Le MLNA accuse de son côté le MAA de s’être allié au MUJAO et qu’il n’y a pas ou plus de réelle distinction entre les deux groupes. Cela est contesté par Salem Béghi, officier du MAA, lequel déclare en mars 2013 : « il y a quelques mois, de violents combats nous ont opposés aux terroristes d’AQMI et du MUJAO et nous en avons tué 37 parmi eux. Nous avons toujours combattu les organisations terroristes qui sévissaient au nord du Mali. Nos premiers combats contre eux ont commencé en 2007. »

Cependant à la suite de l’intervention militaire au Mali, des Arabes du MUJAO comme Mehry Sidahmar, dit Yoro Ould Daha, chef de la brigade de sécurité du MUJAO à Gao, changent de camp pour passer au MAA,. Les commerçants arabes de Gao liés au trafic de drogue passent également au MAA après avoir été les bailleurs du MUJAO.

Le 24 février, lendemain de la bataille d’El Khalil, In-Farah, base du MAA, est bombardée par l’aviation française. Boubacar Ould Taleb, un de ses représentants dénonce cette intervention : « Pourquoi les Français nous bombardent ? Pourquoi prennent-ils parti pour le MNLA ? » Il affirme que 4 combattants sont blessés et que cinq véhicules ont été détruits.

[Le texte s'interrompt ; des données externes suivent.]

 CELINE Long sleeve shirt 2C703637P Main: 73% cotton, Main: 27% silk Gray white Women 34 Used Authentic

Le 21 avril, le MAA s’empare de la petite ville de Ber, au nord de Tombouctou après un combat contre le MNLA. Il abandonne cependant la ville quatre jours plus tard. Le 17 mai, ils attaquent Anéfif, également tenue par la MNLA, mais ils sont cette fois repoussés.
En juin, le MAA participe aux négociations de Ouagadougou. Le MNLA, le HCUA et le MAA tentent de se réconcilier. Le 8 août, les trois mouvements publient une déclaration commune où ils recclament l’autonomie des peuples de l’Azawad. Cependant un combat éclate le 14 août à Bordj Badji Mokhtar, en Algérie opposant des Arabes Berabiches et des Touaregs Idnanes. Des hommes du MAA et de MNLA prennent part à ces affrontements, la base du MAA à In Farah est notamment attaquée et quelques hommes sont tués. Le 18 août, le MNLA, le HCUA et le MAA condamnent officiellement les violences de Bordj Badji Mokhtar.

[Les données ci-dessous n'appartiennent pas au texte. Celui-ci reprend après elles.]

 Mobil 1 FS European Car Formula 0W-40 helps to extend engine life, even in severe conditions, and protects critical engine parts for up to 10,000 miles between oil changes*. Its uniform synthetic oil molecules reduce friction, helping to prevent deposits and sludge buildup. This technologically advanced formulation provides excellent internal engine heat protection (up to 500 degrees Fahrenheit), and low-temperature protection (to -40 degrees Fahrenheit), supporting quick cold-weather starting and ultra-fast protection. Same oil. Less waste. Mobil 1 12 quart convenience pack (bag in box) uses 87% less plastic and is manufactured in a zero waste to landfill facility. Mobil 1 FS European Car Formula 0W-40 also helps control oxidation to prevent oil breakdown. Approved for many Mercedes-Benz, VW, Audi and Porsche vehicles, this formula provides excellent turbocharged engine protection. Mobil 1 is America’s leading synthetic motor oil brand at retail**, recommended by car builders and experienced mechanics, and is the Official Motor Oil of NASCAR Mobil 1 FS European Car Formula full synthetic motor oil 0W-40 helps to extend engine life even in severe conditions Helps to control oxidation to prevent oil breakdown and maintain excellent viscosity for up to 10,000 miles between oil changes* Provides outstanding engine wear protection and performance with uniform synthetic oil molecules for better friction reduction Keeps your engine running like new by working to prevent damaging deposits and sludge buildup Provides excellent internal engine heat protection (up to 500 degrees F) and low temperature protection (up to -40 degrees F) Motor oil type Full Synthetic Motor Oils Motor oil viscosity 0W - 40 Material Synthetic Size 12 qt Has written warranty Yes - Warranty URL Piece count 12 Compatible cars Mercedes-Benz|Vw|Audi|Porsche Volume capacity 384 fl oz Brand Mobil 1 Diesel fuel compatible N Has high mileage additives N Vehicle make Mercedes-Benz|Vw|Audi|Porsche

En mai 2014, des combattants du MAA participent avec le MNLA et le HCUA à la prise de contrôle de la ville de Kidal contre l’armée malienne

Bataille d’Anéfis (2014) et Bataille de Tabankort.
Le MAA se divise en deux tendances, l’une pro-gouvernementale menée par Ahmed Ould Sidi Mohamed, l’autre indépendantiste menée par Sidi Brahim Ould Sidati. Le 24 mai, des affrontements éclatent à Tabankort, dans la région de Gao. Les circonstances de ce combat sont peu connues. Dans un communiqué, le MNLA parle d’une embuscade tendue par des combattants MUJAO contre les « forces de l’azawad ». Selon les sources de RFI, il s’agit plutôt de violences inter-communautaires entre deux fractions du MAA, l’un plus proche du pouvoir malien et l’autre alliée au MNLA qui lui aurait apporté son soutien pendant l’affrontement[30]. Les affrontements se poursuivent en juillet dans les environs d’Anéfis et de Tabankort, faisant plusieurs dizaines ou plusieurs centaines de morts.

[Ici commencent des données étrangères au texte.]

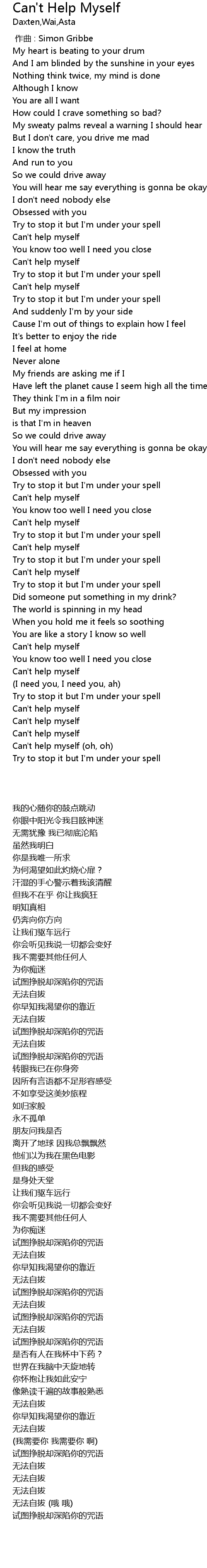 | [02:20.00] | Can' t help myself |
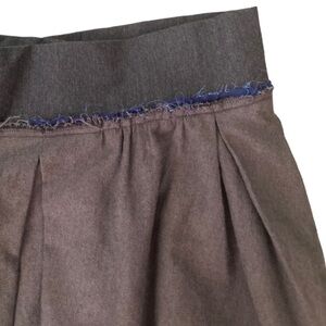 Cotélac Box Pleat A Line Skirt featuring exposed raw edge detailing, a back concealed zip with two button closure. Front pockets. A gorgeous neutral brown with grey undertones. Contrast raw edge in dark blue.
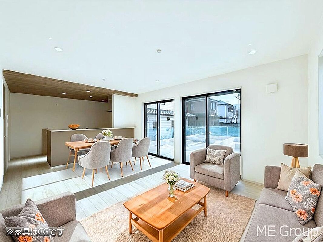- ※完成予想図やCG合成画像は、門塀・植栽・庭・外観等、実際とは多少異なる場合があります。

Selon RFI, cette division trouverait ses origines dans la bataille d’El Khalil : « L’enjeu est un règlement de compte : les Arabes veulent se venger des pillages en règle qu’ils ont subis début 2013 à El-Khalil. Ils accusent des groupes touaregs d’avoir saccagé leurs entrepôts, leurs garages et pillé leur réserve dans cette ville à la frontière de l’Algérie, zone de transit et de trafic : ils estiment le montant du pillage à 20 millions d’euros. À l’époque, le MNLA se défendait en assurant avoir démantelé sur place une arrière-base du Mujao. Depuis, une branche du MAA a signé un accord avec le MNLA et se retrouve aujourd’hui à ses côtés à Alger. Mais un groupe dissident arabe a refusé le compromis et entend toujours obtenir réparation ».

Une branche du MAA se sépare finalement du mouvement et le 30 août 2014, elle annonce la création du Mouvement populaire pour le salut de l’Azawad (MPSA).